• [Information shown]
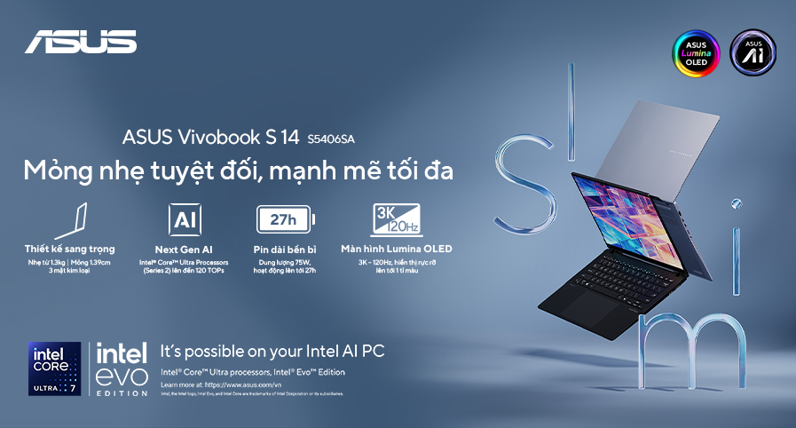 ASUS Vivobook S 14 S5406: Laptop AI Mỏng Nhẹ, Mạnh, Pin Lâu Vô Cùng
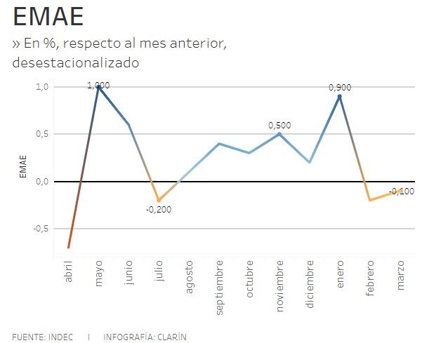 De acuerdo con el informe oficial, en marzo, tomando la comparación interanual, de los 15 sectores se registraron cinco con menor actividad económica, mientras que el resto mostró números positivos, pero en desaceleración.
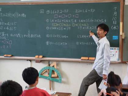 数式に抵抗なくなじむことはとても大切なことです。5年生は「式と計算」の学習をしており,工夫してやっていくと簡単にできるよということを習っていました。加減乗除の優先順位や( )の使い方など,今のうちに正しい解答手順をマスターしてほしいですね。

• [Your objective] Your copy should match the listing exactly, apart from the pictures it leaves out.

• [Completed task]
 ASUS Vivobook S 14 S5406: Laptop AI Mỏng Nhẹ, Mạnh, Pin Lâu Vô Cùng
 De acuerdo con el informe oficial, en marzo, tomando la comparación interanual, de los 15 sectores se registraron cinco con menor actividad económica, mientras que el resto mostró números positivos, pero en desaceleración.
 数式に抵抗なくなじむことはとても大切なことです。5年生は「式と計算」の学習をしており,工夫してやっていくと簡単にできるよということを習っていました。加減乗除の優先順位や( )の使い方など,今のうちに正しい解答手順をマスターしてほしいですね。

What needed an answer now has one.